A JavaTM technology web crawler has been created by Become.com that could be the most sophisticated and massively scaled Java technology application today, according to a Sun Developer Network article by Janice J. Heiss. Reportedly, this web crawler obtains information on over three billion web pages and writes over eight terabytes of data on 30 fully distributed servers in seven days.
CTO, Chairman and Cofounder of Become.com Yeogirl Yun decided to use Java for the company's web crawler due to previously poor experiences with C++ in relation to memory and threading.
Yun explains, "We needed to do it faster this time. So we made the radical decision to implement a crawler using Java technology. No one believed it was possible, but we were able to build the prototype crawler in three months using two developers, which was a major achievement. The built-in network library, multithreading framework, and RMI (remote method invocation) saved a lot of development time. The performance is pretty good. My experience with Wisenut made it clear that managing uncertain data on the web is a big challenge. There can be memory leaks and threading issues. We're very pleased with the performance of the Java platform."

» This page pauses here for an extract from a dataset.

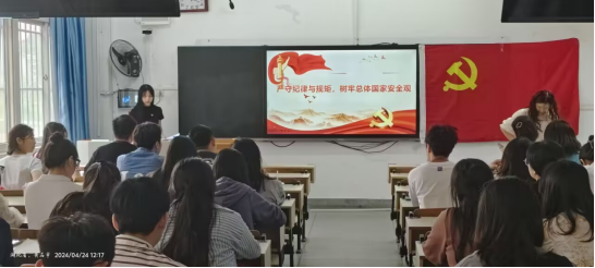 为深入学习贯彻习近平新时代中国特色社会主义思想,开展习近平新时代中国特色社会主义思想主题教育,推进党支部标准化规范化建设,酒店偷拍 学生党支部于2024年4月24日在教育大楼1109开展“严守纪律与规矩,树牢总体国家安全观”的主题党日活动,酒店偷拍 全体学生党员参与此次活动。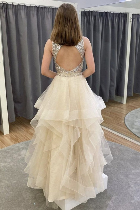 Gorgeous Open Back Beaded Fluffy Long Prom Dress, Graduation Gown

The first crawler created by Become.com was written entirely in the Java programming language. A second crawler was completed by writing the fetcher in the Java language and the controller in C++. The fetcher does I/O and gathers, parses and analyzes the content of web pages. It extracts links and sends data to the controller, which manages data structures and records data to disks. Fetchers communicate with controllers but not with each other.
"Each crawler uses 200 Mbps lines and writes more than 8 terabytes of data. One run takes roughly a week. Crawler A was written first, starting in June 2004. Crawler B was begun in November 2004," Heiss explains. "Both crawlers are pure Java software, with no Java Native Interface (JNI). Crawlers share some packages for content analysis, and all content-analysis software used during the crawl is written entirely in the Java language."
In this article, Heiss breaks down the development of and challenges faced with this web crawler, and how it has helped Become.com build a web index of valuable information.